Cast: Jenna Kohn, Charlie Bauer, Wyatt Taber, Charlee Amacher, Myles Valentine, Jace Jamison, Ren Farbota, Ricardo Whitehead, Joi Hoffsommer, Thom Mathews.

Body Count: 11

Laughter Lines: “This whole thing just kinda feels like a horror movie; the whole let’s split up and search for the missing kid in the woods.”


Ode to Friday the 13th begins with a double murder at Camp Silverlake in 1986, then leaps five years where the accidental death of a child (named Mason!) during a nature hike is the final nail in the coffin of the camp’s fortunes, but also the lives of the counsellors.

As they prep to close down for good, a stalker in a skull hood begins axing them one by one.
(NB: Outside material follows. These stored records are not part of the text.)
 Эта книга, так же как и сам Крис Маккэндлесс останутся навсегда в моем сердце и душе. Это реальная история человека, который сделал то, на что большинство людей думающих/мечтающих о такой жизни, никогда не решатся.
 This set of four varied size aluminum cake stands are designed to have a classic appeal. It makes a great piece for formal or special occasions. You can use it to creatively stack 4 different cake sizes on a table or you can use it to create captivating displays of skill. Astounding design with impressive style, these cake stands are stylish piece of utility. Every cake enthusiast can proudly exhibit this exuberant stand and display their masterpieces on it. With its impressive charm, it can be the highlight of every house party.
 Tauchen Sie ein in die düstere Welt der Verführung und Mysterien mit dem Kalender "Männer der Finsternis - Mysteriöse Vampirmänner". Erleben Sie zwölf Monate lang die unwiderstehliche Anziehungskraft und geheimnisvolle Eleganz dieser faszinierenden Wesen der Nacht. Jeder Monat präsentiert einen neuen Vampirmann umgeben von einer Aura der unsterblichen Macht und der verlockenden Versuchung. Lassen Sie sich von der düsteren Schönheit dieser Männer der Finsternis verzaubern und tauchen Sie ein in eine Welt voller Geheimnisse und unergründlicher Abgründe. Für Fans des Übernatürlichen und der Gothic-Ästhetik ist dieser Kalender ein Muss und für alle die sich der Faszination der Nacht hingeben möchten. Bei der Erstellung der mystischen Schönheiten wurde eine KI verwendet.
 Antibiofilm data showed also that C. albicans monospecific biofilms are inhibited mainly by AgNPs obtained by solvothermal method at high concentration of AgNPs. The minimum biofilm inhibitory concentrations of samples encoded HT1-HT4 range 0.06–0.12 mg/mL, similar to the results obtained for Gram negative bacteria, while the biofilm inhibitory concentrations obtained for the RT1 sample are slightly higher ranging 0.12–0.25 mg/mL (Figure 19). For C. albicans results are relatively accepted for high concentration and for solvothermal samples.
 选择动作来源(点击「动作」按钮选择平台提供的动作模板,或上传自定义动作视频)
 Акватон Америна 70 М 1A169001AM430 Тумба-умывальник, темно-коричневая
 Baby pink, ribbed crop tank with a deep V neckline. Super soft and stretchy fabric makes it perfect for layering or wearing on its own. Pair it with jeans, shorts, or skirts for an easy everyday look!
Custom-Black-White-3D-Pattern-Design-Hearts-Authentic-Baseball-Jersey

Is it the child’s distraught father, who happens to be a troubled ex-employee? The killer from ’86? Or someone else?

Ultimately, the killer’s identity is blaringly obvious, although Isberg attaches additional revelations and an evident tribute to the source material.

The kitten-weak maniac falls over a lot, drops his weapon (nobody ever picks it up despite ample opportunity), fails to finish off several of the counsellors, and cuts a particularly unthreatening figure.

final summer 2023

Elsewhere, there’s lots of wandering around in the dark with flashlights, a blue hue over everything, occasional references to Jason, and a couple of creepy shots here and there, but regrettably it’s too insubstantial. The film appears kneecapped by its budget, evidenced in a string off off-camera kills, slow, clunky fight scenes, and unresolved questions, such as who the killer in the prologue was. A post-credits scene hints at something, but it’s still all too murky.
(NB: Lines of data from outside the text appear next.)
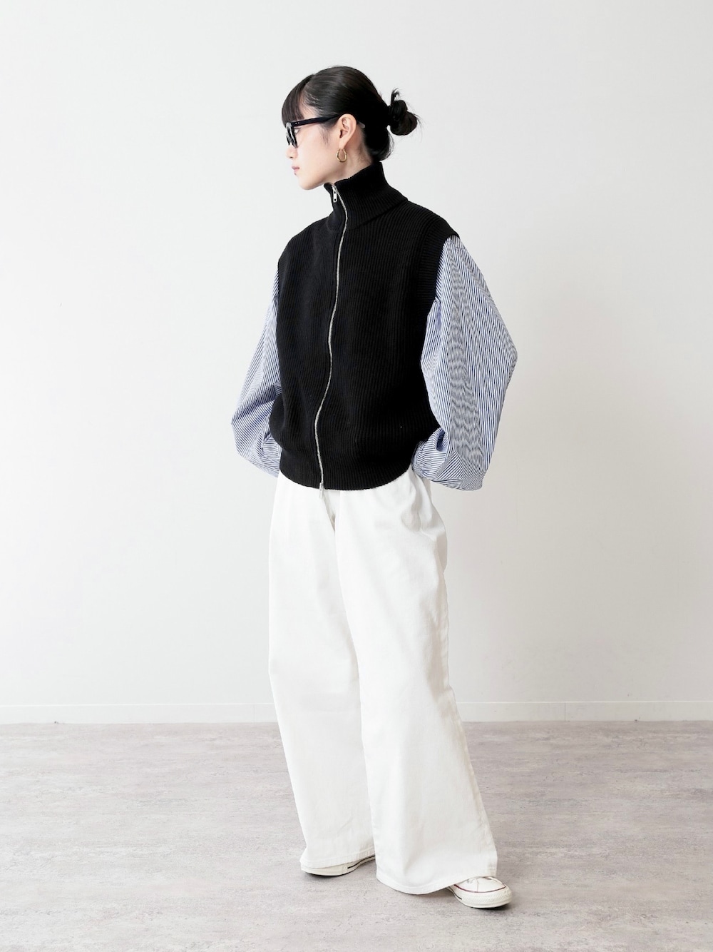 ニットベストを中心にメンズライクなスタイリング。 全体的にゆったりしたシルエットなので、髪をまとめたりメガネをかけることできちんと感も忘れずに。 ------------------------------------------ ニットベスト ▶︎FOLL サイズ / 2 サイズ感 / 身幅はゆったりめで、裾リブはタイトな作りです。肩はフレンチスリーブくらいの長さ。 素材感 / 春先に着やすいコットンニットです。 ------------------------------------------ シャツ ▶︎ FOLL サイズ / 3 サイズ感 / サンプルサイズのため一番大きいサイズ着用。メンズのXLくらいのオーバーサイズです。 素材感 / 柔らかく薄手の綿素材。襟にはワイヤーが通っていて形を調節しやすくなっています。 ------------------------------------------ パンツ ▶︎ FOLL サイズ / 3 サイズ感 / サンプルサイズのため一番大きいサイズ着用。サイズ3はメンズのLサイズくらいの着用感です。サイズ1だとレディースのS〜Mサイズくらいの方がジャストで穿けるサイズ感です。 素材感 / しっかり厚みのあるデニム素材ですが、着た感じは柔らかく動きやすい印象でした。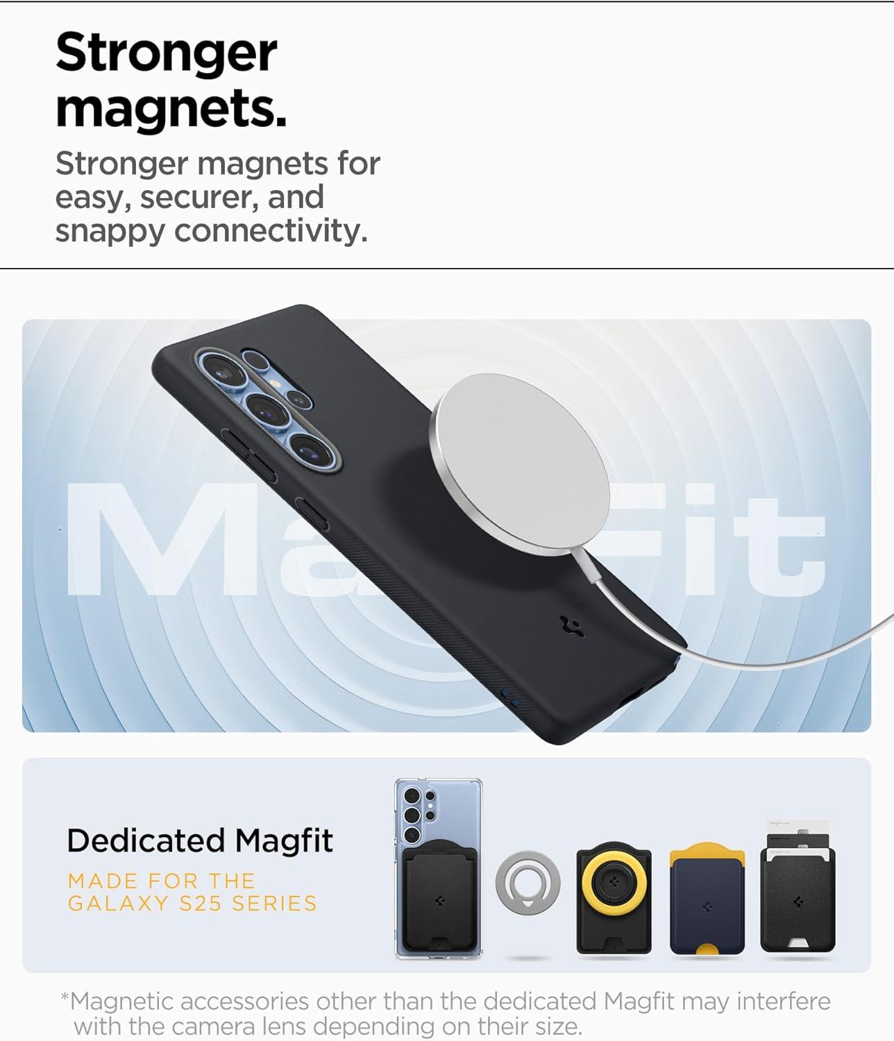 Spigen magnet cases designed for S25 Series might not be fully compatible with MagSafe wallets designed for iPhone.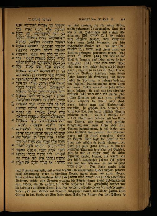 nach Ausmaß vertheilt, weil es doch beſſern und minderguten Boden enthält, ſondern durch Abſchätzung; einen כור ſchlechten Boden, gegen einen סאה guten Boden, Alles nach dem Geldwerthe geſchätzt. 55] לשמות מטות אבותם Das find die väterlichen Stämme, welche aus Egypten gezogen; die Schrift nimmt dieſes Erbſchaftsrecht ganz anders, als alle andere, die darin verhandelt ſind; gewöhnlich beerben nur die Lebenden die Verſtorbenen, hier aber beerben die Verſtorbenen die noch Lebenden. Wenn z. B. zwei Brüder aus Egypten ausgezogen waren, und Kinder hatten, beim Einzug in das Land, der Eine hatte einen Sohn, der Andere aber drei Söhne: ſo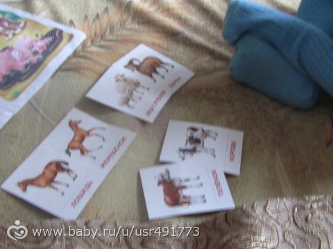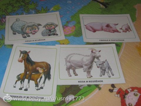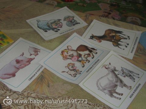 Кроме того, у меня много разных карточек с животными, в том числе Мамы и малыши, рассматривали все карточки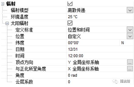 只要在耦合热交换分子中涉及到表面辐射,就选中辐射复选框。在一些强迫散热的工况下,为了减少计算量可不进行辐射计算,但此时仿真的结果会偏保守。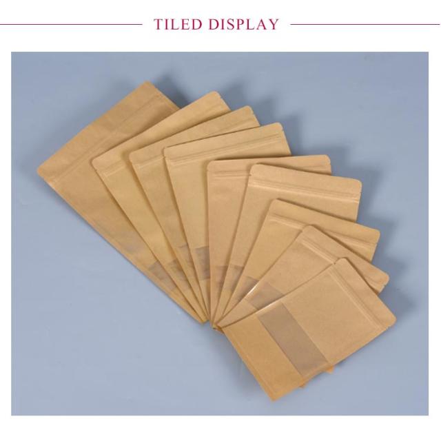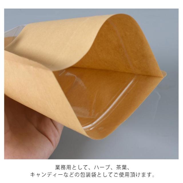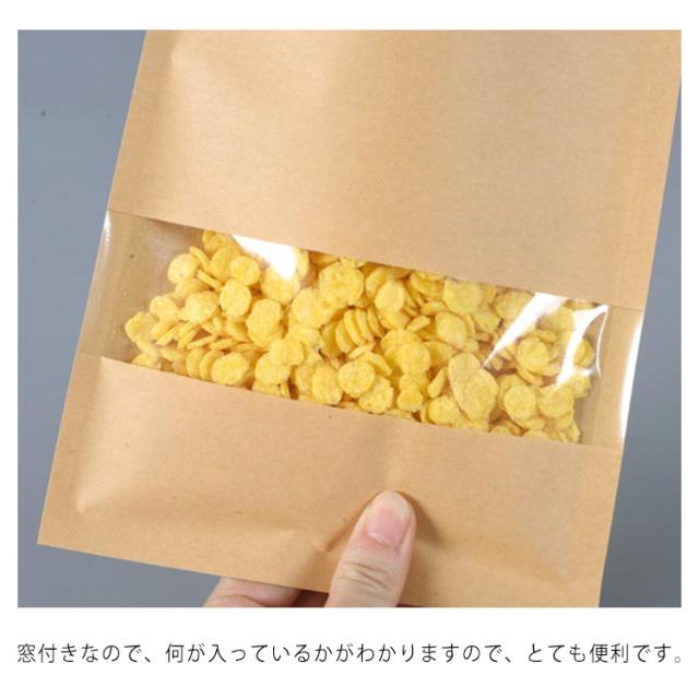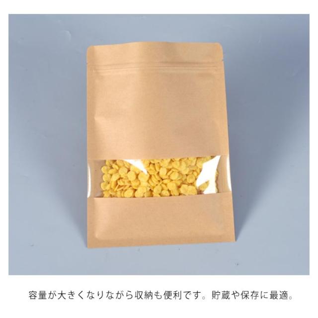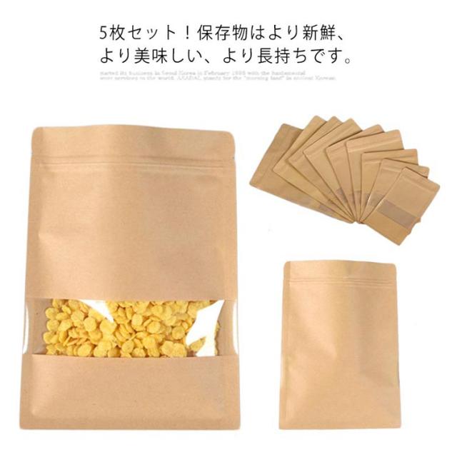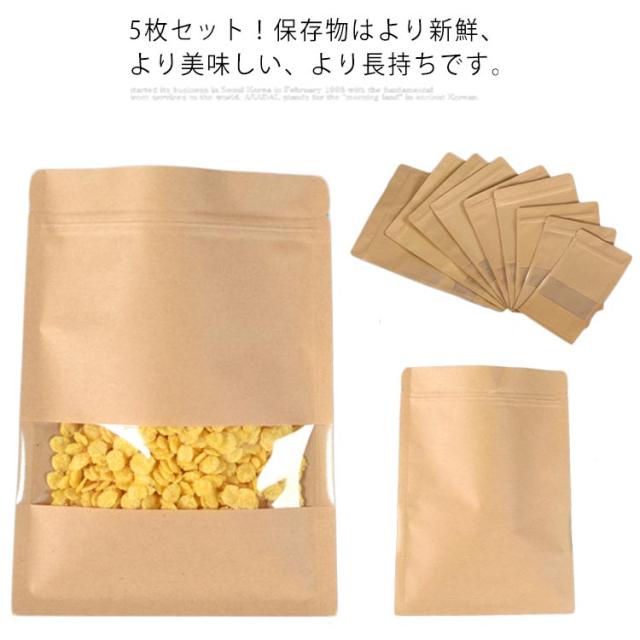 食品収納袋 密閉袋 自立袋 クラフト紙袋 角底袋 窓付き ジップ付き 保管袋 耐油 お菓子収納 キッチン収納 ラッピング 保存ポーチ 5枚入り 防湿

Thom Mathews appears for a matter of minutes as the local Sheriff, and look out for the bizarre Tom Atkins ‘cameo’.

Recurring Nightmare

bad dreams 1988

BAD DREAMS

3 Stars  1988/18/84m

“When Cynthia wakes up, she’ll wish she were dead.”
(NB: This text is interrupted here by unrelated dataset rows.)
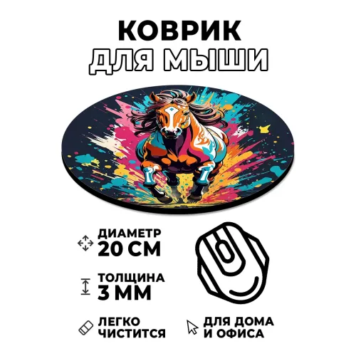 Коврик для компьютерной мыши с изображением "Конь в галопе" станет стильным дополнением рабочего места и подарит вдохновение во время работы или игры. Его диаметр составляет 20 см, а толщина — 3 мм, что обеспечивает комфортное использование. Изображение отличается стойкостью, четкостью и контрастностью, что делает коврик не только функциональным, но и привлекательным элементом декора. Благодаря качественным материалам обеспечивается хорошее скольжение мышки, что положительно скажется на производительности.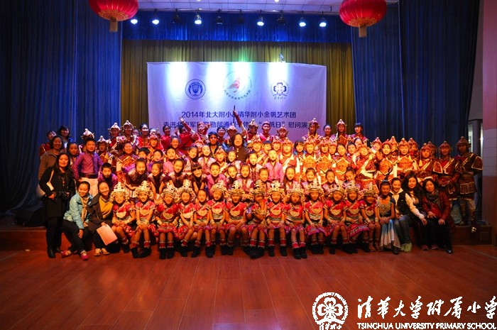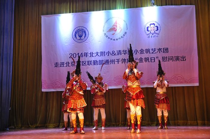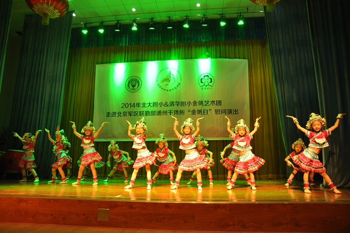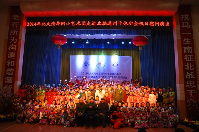 10月31日,应北京军区联勤部通州干休所邀请,清华附小金帆艺术团与北大附小金帆艺术团联合举办了2014年金帆日慰问演出活动。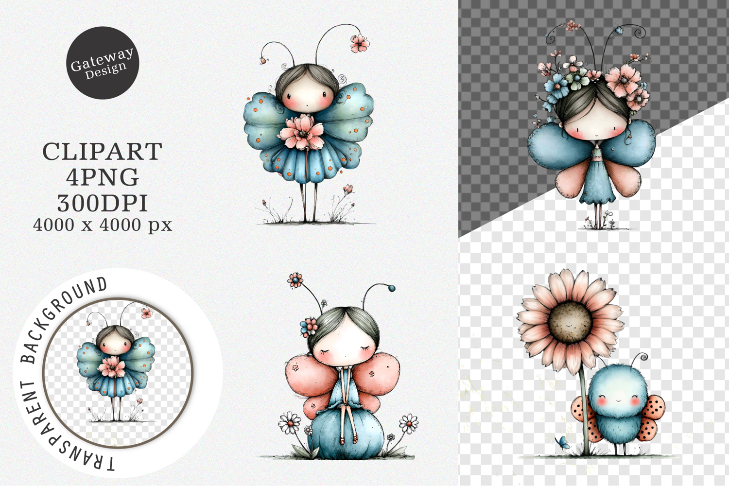 Similar Design Products to Whimsical Butterfly Flower Clipart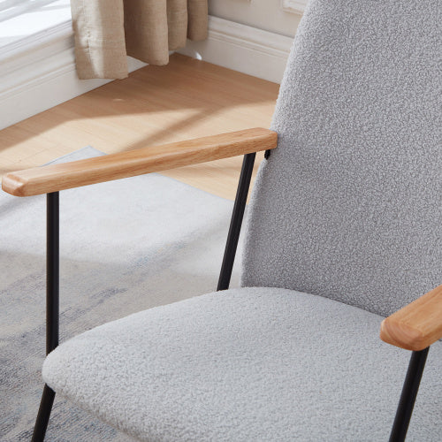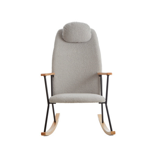 Adjustable headrest rocking chair, teddy fabric upholstered gliding rocking chair, high backrest, modern rocking chair upholstery chair comfortable side chair for children's room, bedroom, living room (light grey)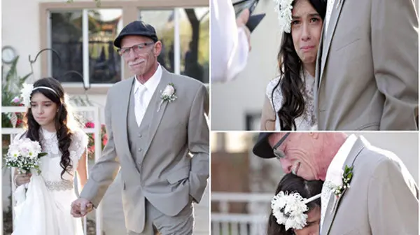جیم مردی مبتلا به سرطان است که تمام این آرزوها را برای دخترش دارد در حالیکه دختر وی 11 ساله است. پزشکان به این مرد اعلام کردهاند به دلیل بیماری سختی که دارد زیاد زنده نمیماند؛ به همین علت برای دخترش یک عروسی نمادین گرفت تا آرزوی قلبیش که همراهی دخترش در جشن عروسی بود، برآورده کند و همراه با دخترش در این جشن نمادین اشک ریخت.برای ورود به کانال تلگرام ما کلیک کنید.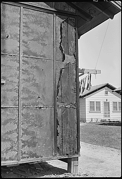 Corner of Barrack G in Block 34, where appointed personnel live at this relocation center, which was damaged by fire believed of incendiary origin. Building shown in background is the apartment occupied by Charles Smith, which was also damaged slightly by a similar fire discovered less than an hour earlier on the same evening. |
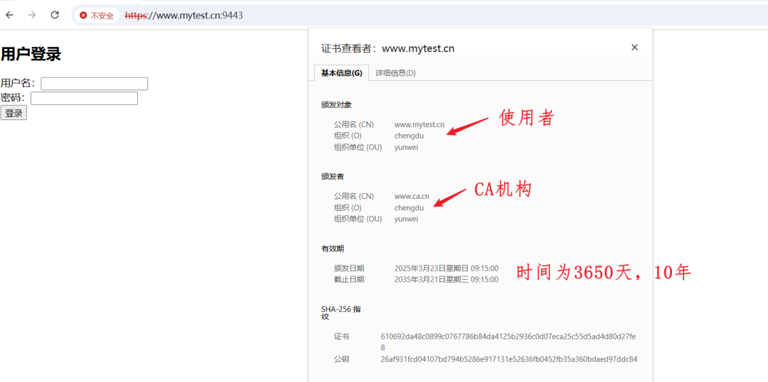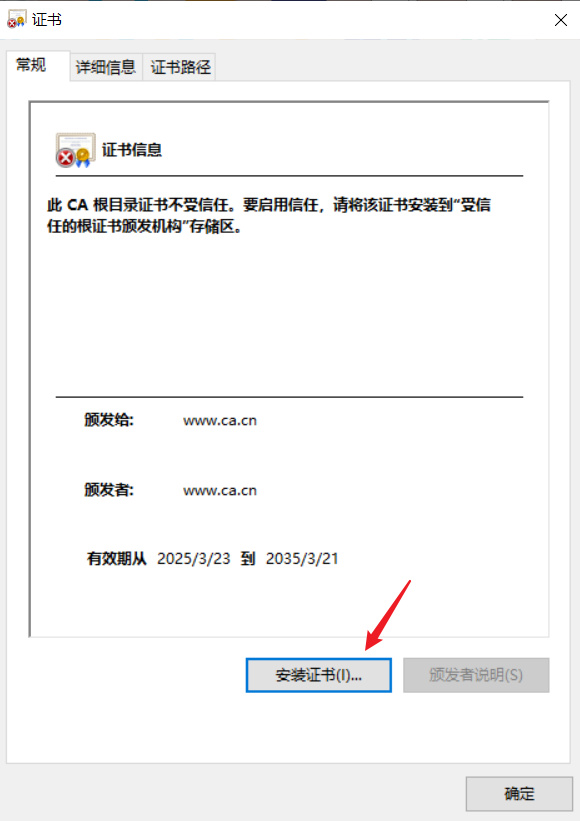 配置完成后使用nginx -s reload重新加載配置,讓其生效,然后配置本地證書(shū)文件和hosts將第三步生成的CA服務(wù)器需要對(duì)外公開(kāi)的證書(shū)文件cacert.pem復(fù)制到電腦本地,后綴名改為crt格式,然后雙擊安裝證書(shū),將其導(dǎo)入到電腦本地顯示導(dǎo)入成功即可,由于www.mytest.cn這個(gè)域名沒(méi)有在DNS域名服務(wù)商哪里注冊(cè),所以需要我們自己在hosts文件中添加域名解析地址,Windows電腦在C:\Windows\System32\drivers\etc下,先將hosts文件拖出來(lái)到桌面,然后修改添加如下內(nèi)容在拖進(jìn)去你的服務(wù)器ip地址 www.mytest.cn

Director/Writer: Andrew Fleming / Writers: Michael Dick, P.J. Pettiette, Yuri Zeltser, Steven E. de Souza / Cast: Jennifer Rubin, Bruce Abbott, Harris Yulin, Richard Lynch, Dean Cameron, Susan Ruttan, Damita Jo Freeman, E.G. Daily, Susan Barnes, Louis Giambalvo, Sheila Scott Wilkinson, Sy Richardson.

Body Count: 9 (+24)

Laughter Lines: “If you wanna fit in with the 80s, you’re at least two divorces, a condo, and a yeast infection behind the times.”


Of all the Elm Street rip-offs, just a glance a the name and details of this should tell you it’s one of the most overt. Although, being pedantic about it, Bad Dreams targets Elm Street 3 for much of its pilfer source, not least by casting from that movie Jennifer Rubin (who played ex-junkie Taryn) as the lead.

Rubin is Cynthia, the sole survivor of a mass-suicide at the Unity Fields cult in 1975, where self-styled prophet Harris (Lynch) poured ladles of gasoline over his flock before burning them and himself to death. Thirteen years later (finally not five, ten, or twenty!) Cynthia wakes from a coma and is placed into the mental care of Dr Alex Carmen and joins his therapy group of oddballs to assist her integration into the 80s (see Laughter Lines).

bad dreams 1988 richard lynch

Among the other group members are anger-prone Ralph, sex obsessed couple Ed and Connie, seldom spoken Lana, jittery journalist Miriam, and Gilda, who just mutters stuff about destiny. Their issues aren’t particularly clear or realised well, unlike the Dream Warriors kids, where individual personalities were nailed down with ease by Craven’s script.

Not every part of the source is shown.